In 1988 (I believe), The Dodge truck family (pickups, vans and Dakotas) had a new sensor added for the fuel injection system – the VSS (Vehicle Speed Sensor). What Dodge did was add a screw-on sensor between the speedometer cable and metal speedometer gear housing. The cable nor the housing was changed and part is fairly easy to change.
Matter of fact, if you needed to
add a vehicle speed sensor (VSS) to your Mopar, this is an easy way to do so (for fuel injection, or whatever).
The VSS sensor part number is 5233152.
There is another location to place an “in-line” VSS and that is at the cruise control servo. That part number is 4439097. It matters not what direction the VSS spins (so it can attach to either cable). There are also a few different versions/styles of this one.

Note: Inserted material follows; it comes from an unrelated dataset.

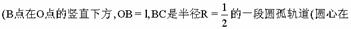 四、[13分]有一质量是m的小球Ⅰ用长度是l的绳子悬挂在O点.把球Ⅰ拉到A点,OA是水平线,如图所示.另一质量相等的小球Ⅱ静止放在B点![]()

In, 1990 (I believe), Dodge did away with the speedometer cable altogether – going with an electric speedometer head. The electric speedometer head (in trucks) was not the most reliable part Dodge has used, before. The VSS sensor looks close to the same sensor (above), for it still screws to outside of the metal speedometer gear housing – but sensor does
not have a provision for speedometer cable to attach to it, any more.
Again, the metal/plastic speedometer gears are still the same Chrysler has used sense 1966.
In 1993, the system changed. The speedometer housing hole is still in transmission and still being used, but the sensor changed drastically and Dodge started to use a short (metal) shaft version of the speedometer gear.
The short shaft gears are found in most (older) transfer cases (4x4’s) and is commonly used in Jeeps (as well as the ’93 and up truck speedometer gears).
The Jeep community has made aftermarket short shaft gears – just the same way that the muscle car community has made the long shaft gears aftermarket.
The long shaft housing is still a far more popular part to locate.
The plastic gears/plastic housing gears has zip, zero, nada support so our gears are very hard to find – especially for those who do don’t use the more popular gear sets (aka: the 2.2,
2.4,
2.6 & 2.8 differential gear ratios.
Red means harder to find).
Matter of fact, I just now performed a quick search on eBay for a plastic speedometer gear and only found 1 (one) plastic gear vs. 1,040 older style steel/plastic gears.
Examples of long shaft gear, a short shaft gear (Jeep) and a typical FMJ gear (in order):
Note: I wish I had that collection! All pictures stolen from eBay.
VSS pictures (for reference)
I couldn't find a picture of the '93 design - but have one in my garage, somewhere. It has a plastic housing (like the older geared housings), has same electrical connector but also has speedometer gear on other end.